Buffett: An Ordinary Horse Sold As Secretariat - Berkshire Shareholder Letter Highlights

From Warren Buffett's 1995 Berkshire Hathaway (BRKa) shareholder letter:

...sellers and their representatives invariably present financial projections having more entertainment value than educational value. In the production of rosy scenarios, Wall Street can hold its own against Washington.

In any case, why potential buyers even look at projections prepared by sellers baffles me. Charlie and I never give them a glance, but instead keep in mind the story of the man with an ailing horse. Visiting the vet, he said: "Can you help me?

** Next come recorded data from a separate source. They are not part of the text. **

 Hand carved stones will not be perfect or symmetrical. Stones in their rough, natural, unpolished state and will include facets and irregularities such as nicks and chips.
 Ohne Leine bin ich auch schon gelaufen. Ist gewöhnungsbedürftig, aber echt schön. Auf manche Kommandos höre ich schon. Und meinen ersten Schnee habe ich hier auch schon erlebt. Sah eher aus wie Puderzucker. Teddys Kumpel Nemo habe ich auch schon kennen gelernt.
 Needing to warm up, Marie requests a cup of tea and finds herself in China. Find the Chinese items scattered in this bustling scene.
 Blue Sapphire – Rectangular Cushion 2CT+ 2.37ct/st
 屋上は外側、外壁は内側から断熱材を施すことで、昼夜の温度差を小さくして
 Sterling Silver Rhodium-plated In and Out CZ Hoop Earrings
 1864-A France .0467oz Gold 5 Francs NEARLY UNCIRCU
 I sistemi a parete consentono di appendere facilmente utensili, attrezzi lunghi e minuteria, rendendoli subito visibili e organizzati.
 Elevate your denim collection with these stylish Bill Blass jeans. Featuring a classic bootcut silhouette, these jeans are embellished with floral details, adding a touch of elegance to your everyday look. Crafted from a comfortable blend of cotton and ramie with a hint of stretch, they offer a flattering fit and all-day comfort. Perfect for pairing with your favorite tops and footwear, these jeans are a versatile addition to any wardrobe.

Sometimes my horse walks just fine and sometimes he limps." The vet's reply was pointed: "No problem - when he's walking fine, sell him." In the world of mergers and acquisitions, that horse would be peddled as Secretariat.

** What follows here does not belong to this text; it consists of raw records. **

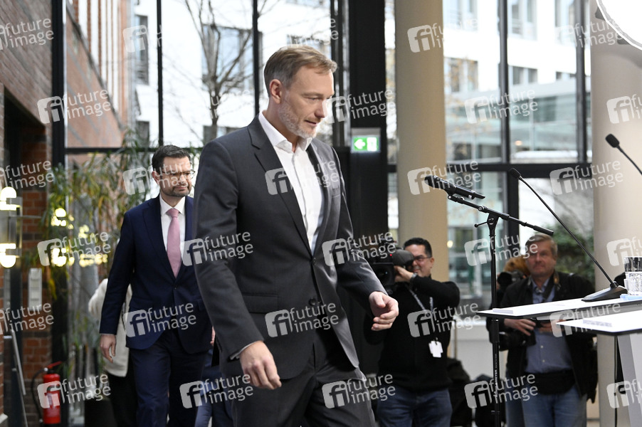 Marco Buschmann und Christian Lindner bei der Presseskonferenz der FDP zur Vorstellung des neuen Generalsekretärs Marco Buschmann im Hans-Dietrich-Genscher-Haus. Berlin, 02.12.2024
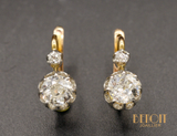 Boucles d'oreilles dormeuses en or rose et blanc 750/1000e ornée chacune d'un diamant taille ancienne d'environ 0,60 carat sur chaton gaufré ouvragé, surmonté d'un diamant taille ancienne d'environ 0,06 carat. Système de dormeuse.
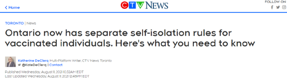 此外,8月11日,安大略省还更新了该省的隔离措施——对于在接触病毒前14天没有接种或没有完全接种疫苗的人,暴露发生后应立即接受检测,且无论检测结果如何,都应自我隔离10天,并建议在自我隔离第7天或之后再进行一次测试。
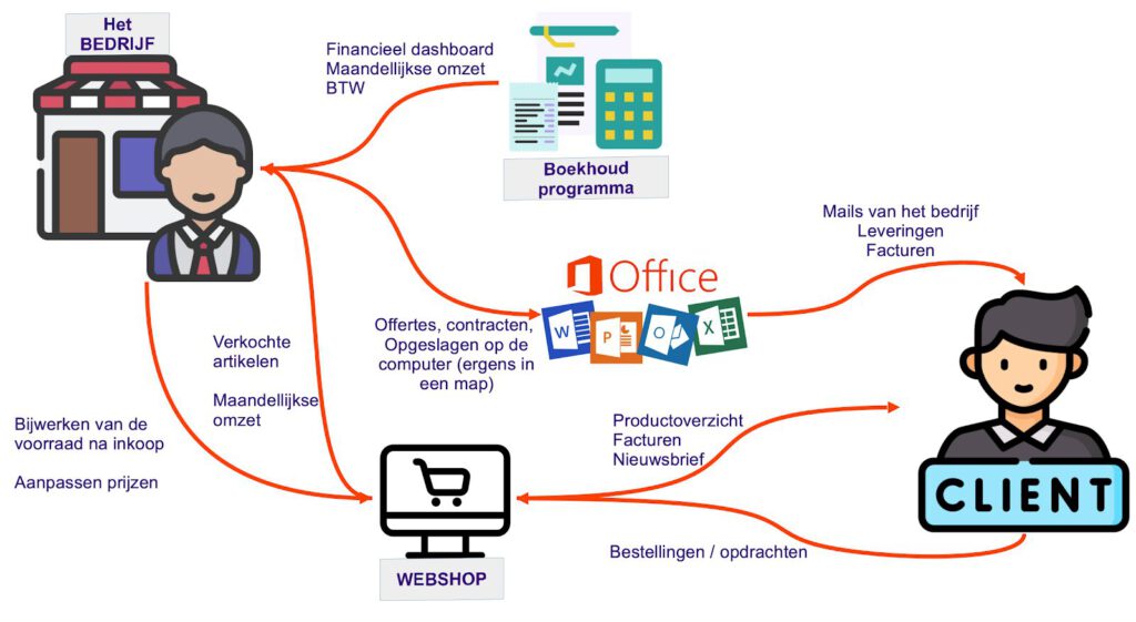 Je hebt een boekhoudpakket nodig om de bestellingen bij te houden en je boekhouder verwijst je naar een programma als Snelstart of eBoekhouden. Jij voert de facturen in in het programma en de boekhouder checkt of alles klopt vanuit zijn eigen kantoor. Wanneer je bedrijf groeit is je eenvoudige website met je mailadres en telefoonnummer onvoldoende.

A business run by management in the habit of paying Secretariat prices for so-called strategic acquisitions is a sell.

In most cases, that so-called strategic deal is just a cloak around the reality that a wealth transfer from acquirer to acquiree shareholders is taking place. A company with entrenched management that behaves this way materially reduces the growth in intrinsic value of a business (in fact may shrink it) and, of course, shareholder wealth.

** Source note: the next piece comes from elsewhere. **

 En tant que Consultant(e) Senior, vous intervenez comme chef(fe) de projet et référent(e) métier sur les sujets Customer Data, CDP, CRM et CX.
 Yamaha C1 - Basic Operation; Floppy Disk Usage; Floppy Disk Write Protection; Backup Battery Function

Imagine Berkshire Hathaway without all the smart deals done over the years. Intrinsic value today would be an awful lot less.

Any use of the words like strategic or synergistic to justify a deal warrants skepticism. Consider those words as code for "we are getting bigger at shareholder expense". When these terms are employed, it's almost guaranteed that management overpaid and is selling the rich price to shareholders on the basis of some mysterious hidden value. The likely reality is that animal spirits kicked in during the acquisition process and management began buying the kind of "rosy scenarios" that Buffett refers to above.

So the pitch to shareholders on the merits of the deal will often be under the guise that value not yet revealed will, out of thin air, somehow emerge. Naturally, once the deal is done if that value does not appear down the road there is no recourse. The wealth transfer will have happened with acquiring shareholders feeling (in fact being) a bit poorer.

The bottom line is that management should, in most cases, pay only for the proven economics of a business...not promise.

If not a rule it's the next best thing.

The intrinsic value of a business is raised by having a management team in place that consistently makes smart acquisitions at fair, or better yet, limping horse prices.